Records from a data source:

= = = = = = =

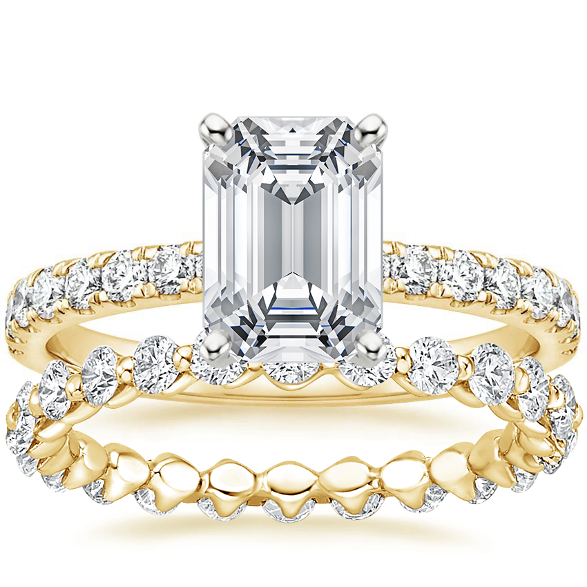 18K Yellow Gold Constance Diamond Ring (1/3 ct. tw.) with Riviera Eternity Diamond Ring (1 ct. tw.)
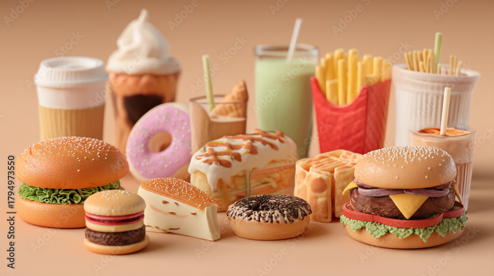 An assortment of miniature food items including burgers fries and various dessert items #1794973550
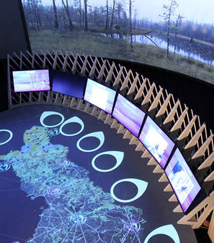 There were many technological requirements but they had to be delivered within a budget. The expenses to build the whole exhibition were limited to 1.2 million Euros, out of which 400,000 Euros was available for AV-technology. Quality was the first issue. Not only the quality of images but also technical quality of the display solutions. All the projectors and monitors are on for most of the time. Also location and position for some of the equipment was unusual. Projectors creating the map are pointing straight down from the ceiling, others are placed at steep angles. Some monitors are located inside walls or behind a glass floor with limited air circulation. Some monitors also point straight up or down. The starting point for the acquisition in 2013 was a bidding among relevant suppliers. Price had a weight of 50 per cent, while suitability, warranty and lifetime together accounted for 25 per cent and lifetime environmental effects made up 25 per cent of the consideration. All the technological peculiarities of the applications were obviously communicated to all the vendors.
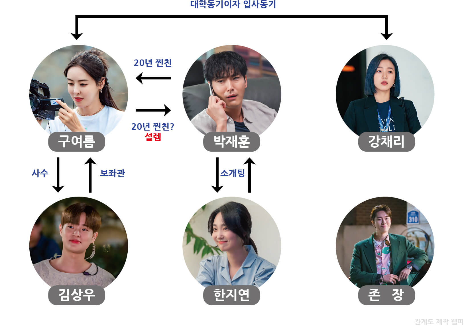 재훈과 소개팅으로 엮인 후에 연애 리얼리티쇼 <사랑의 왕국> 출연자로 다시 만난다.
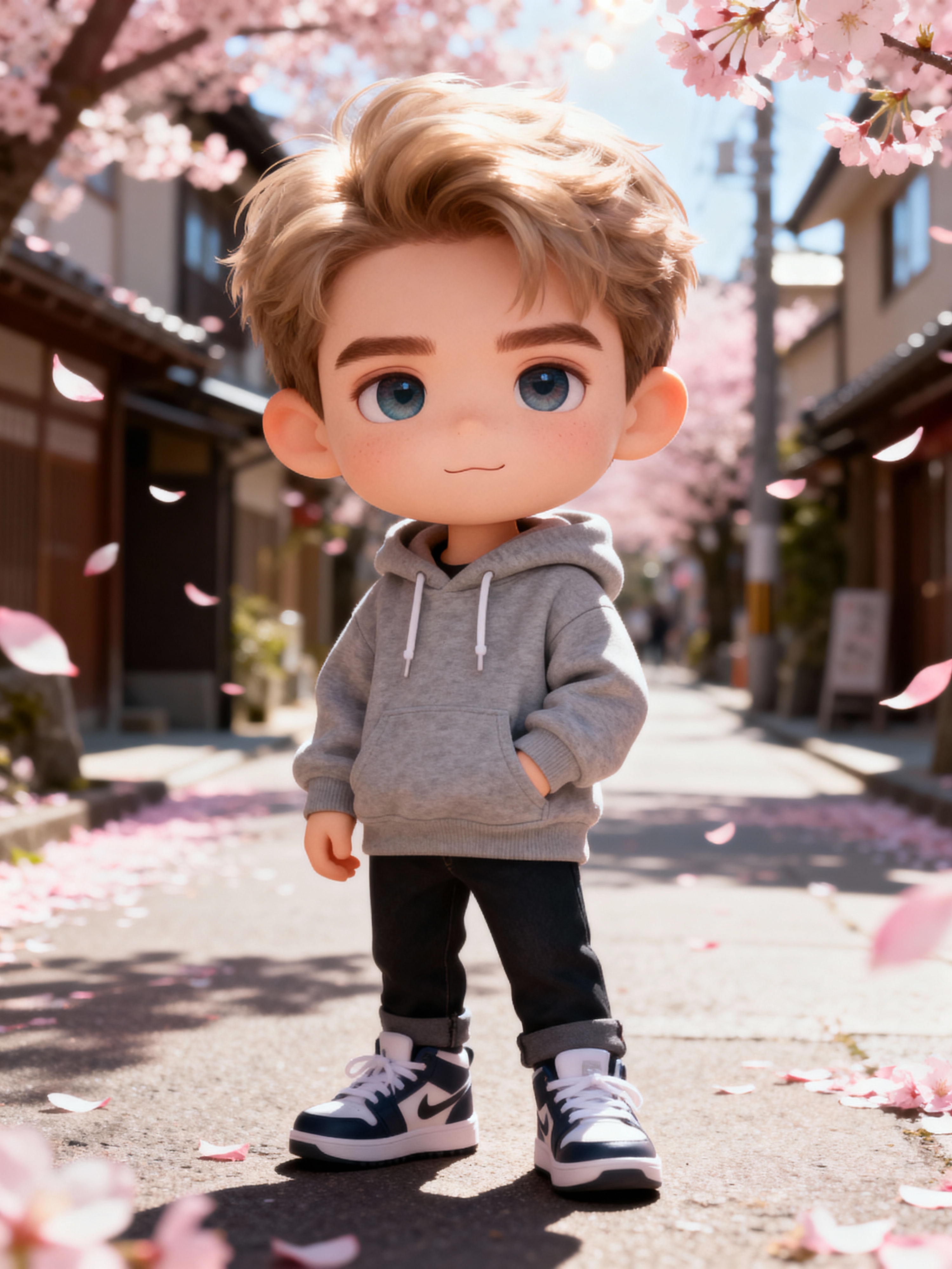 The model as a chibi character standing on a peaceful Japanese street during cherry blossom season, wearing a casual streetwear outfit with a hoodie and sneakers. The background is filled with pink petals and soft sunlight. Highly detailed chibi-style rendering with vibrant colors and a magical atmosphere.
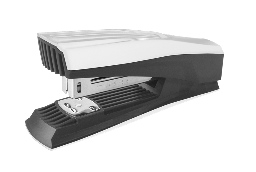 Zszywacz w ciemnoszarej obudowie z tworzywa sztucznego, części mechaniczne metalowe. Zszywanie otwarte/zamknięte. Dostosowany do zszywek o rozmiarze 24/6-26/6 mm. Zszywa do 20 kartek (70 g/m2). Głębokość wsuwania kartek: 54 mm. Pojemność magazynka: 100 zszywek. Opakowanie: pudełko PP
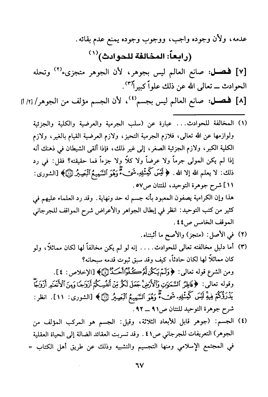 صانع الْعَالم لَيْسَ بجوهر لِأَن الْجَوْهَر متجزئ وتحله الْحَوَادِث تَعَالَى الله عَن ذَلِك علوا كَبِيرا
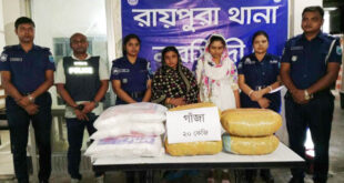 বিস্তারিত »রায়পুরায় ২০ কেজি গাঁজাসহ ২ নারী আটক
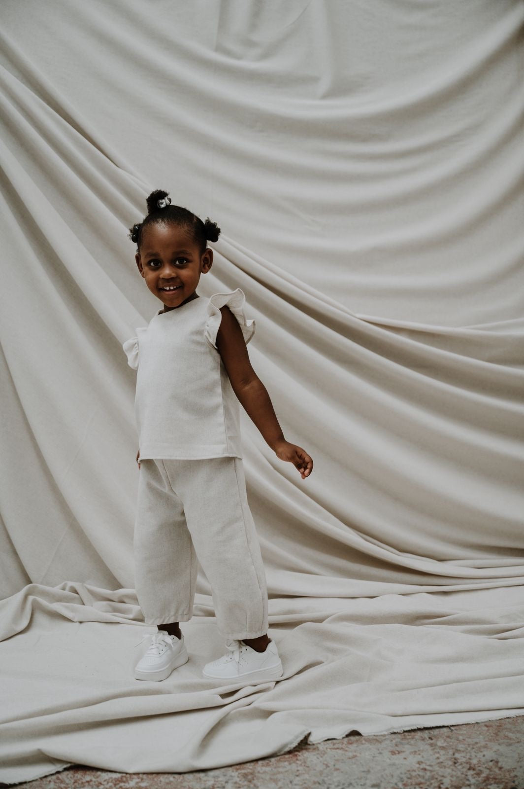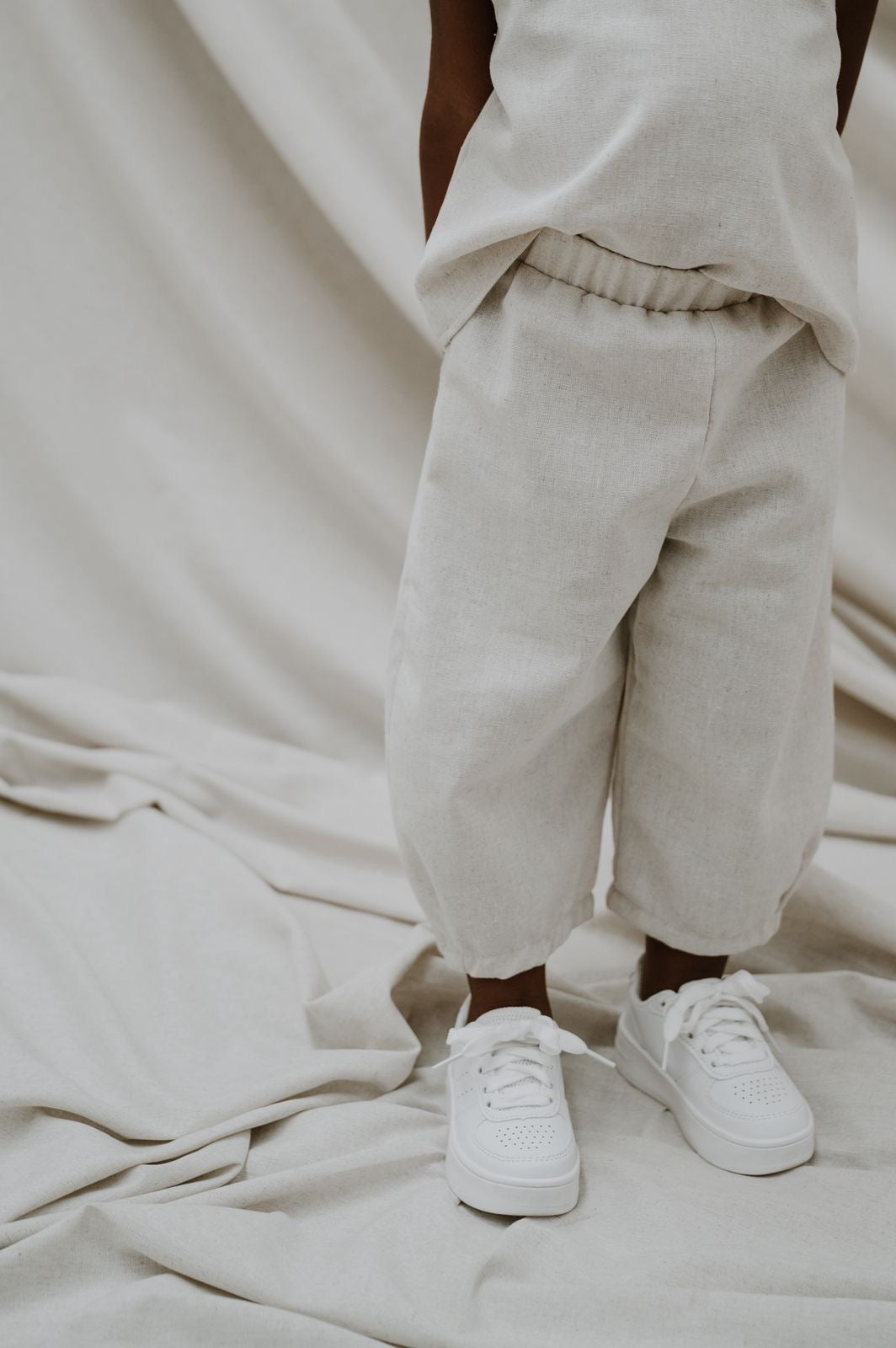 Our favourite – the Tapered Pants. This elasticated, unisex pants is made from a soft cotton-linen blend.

= = = = = = =

Leaving the pictures aside, transcribe exactly the lines from the one containing "গাঁজাসহ ২ নারী আটক" to the final line of the entries above, both ends included.

→ **YOUR SOLUTION**:
 বিস্তারিত »রায়পুরায় ২০ কেজি গাঁজাসহ ২ নারী আটক
 Our favourite – the Tapered Pants. This elasticated, unisex pants is made from a soft cotton-linen blend.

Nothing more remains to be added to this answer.